Another ethanol bonanza awaits sugar mills

Ethanol produced directly from sugarcane juice would fetch mills Rs 59 per litre
Another ethanol bonanza awaits sugar mills

Shiv Kumar

Tribune News Service

Mumbai, May 18

Sugar mills across the country are set for a windfall with state-owned oil-marketing companies (OMCs) expected to sign fixed priced contracts with them for the purchase of ethanol. 

According to sources here, several leaders with interests in Maharashtra’s sugar cooperative sector who joined the BJP before the Lok Sabha elections have got assurances that state-owned OMCs would buy ethanol from the distilleries at fixed price for periods ranging from 10 to 15 years. At present, OMCs buy ethanol from distilleries at prices linked to that of global crude prices.

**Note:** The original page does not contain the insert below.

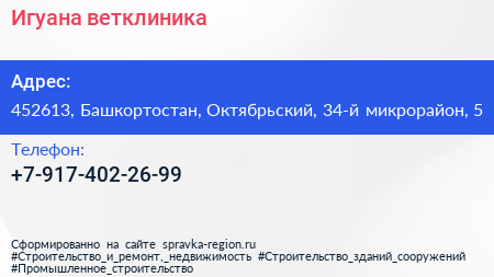 Игуана, ветклиника по адресу 452613, Башкортостан, Октябрьский, 34-й микрорайон, 5 в дальнейшем Организация, размещена в следующих категориях: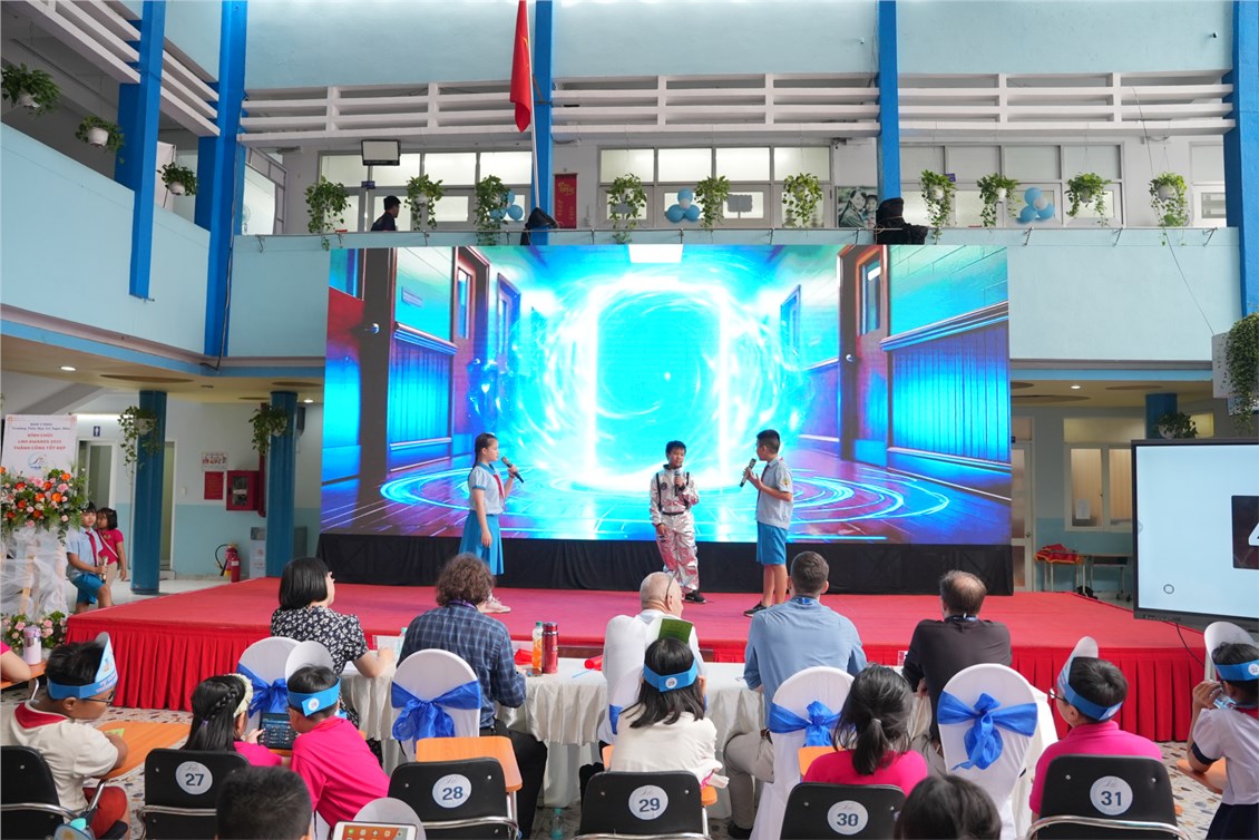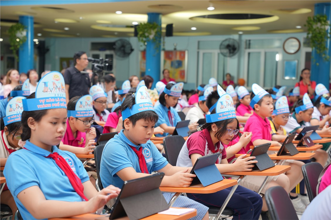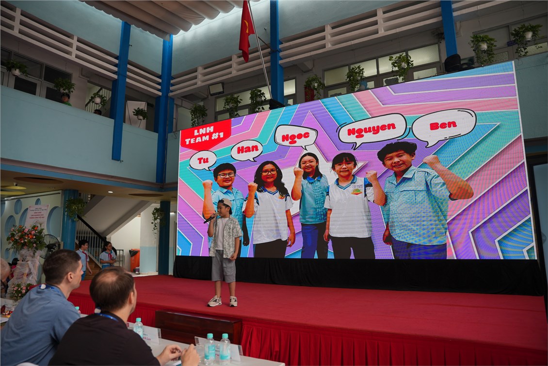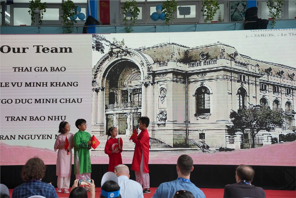 Tiếp đến, các bạn học sinh đến từ 9 trường tiểu học trên địa bàn Quận 1 được thỏa sức tranh tài sôi nổi trong 2 hội thi và được trau dồi kỹ năng nghe – nói – đọc – viết Tiếng Anh qua hoạt động trải nghiệm tại 5 trạm trò chơi:

In a representation to the Niti Aayog, the Maharashtra State Cooperative Sugar Factories Federation (MSCSFF) pointed out that volatility in the prices of ethanol would make it unviable for sugar mills to invest in facilities for its production. The cooperatives are also demanding an escalation clause in the payments made by OMCs in case of rising prices of sugarcane.

Sources say the OMCs that are still in the red are resisting the terms set by the sugar cooperatives. 

Earlier this year, the Modi government tweaked a number of rules making it easier for sugar mills to invest in the production of ethanol.

Cogeneration plants attached to sugar mills that till now were allowed to produce ethanol only from molasses are now being allowed to manufacture the bio-fuel directly from sugarcane juice.

The government has also made it mandatory for oil-marketing companies (OMCs) that have to compulsorily blend ethanol with motor fuel to pay more for ethanol manufactured directly from sugarcane juice. While ethanol from molasses is currently priced at Rs 52.43 per litre, that manufactured directly from sugarcane juice would fetch the mill Rs 59 per litre.

Petrol and diesel sold in India will have to be blended with at least 10 per cent ethanol from 2022, which is slated to go up to 20 per cent by 2030, according to the government’s target for OMCs.

“There will be a requirement of at least 300 crore litres of ethanol by 2022,” says a MSCSFF office-bearer. 

Ethanol supply to OMCs is around half at present, according to sources. To incentivise increase in production of the bio-fuel, the government also came up with an interest rates subvention scheme for sugar mills to the tune of Rs 3,300 crore last month. However, Maharashtra’s sugar mills said they are saddled with huge out standings to farmers and would not be able to make investments in ethanol production in the absence of fixed price contracts with OMCs.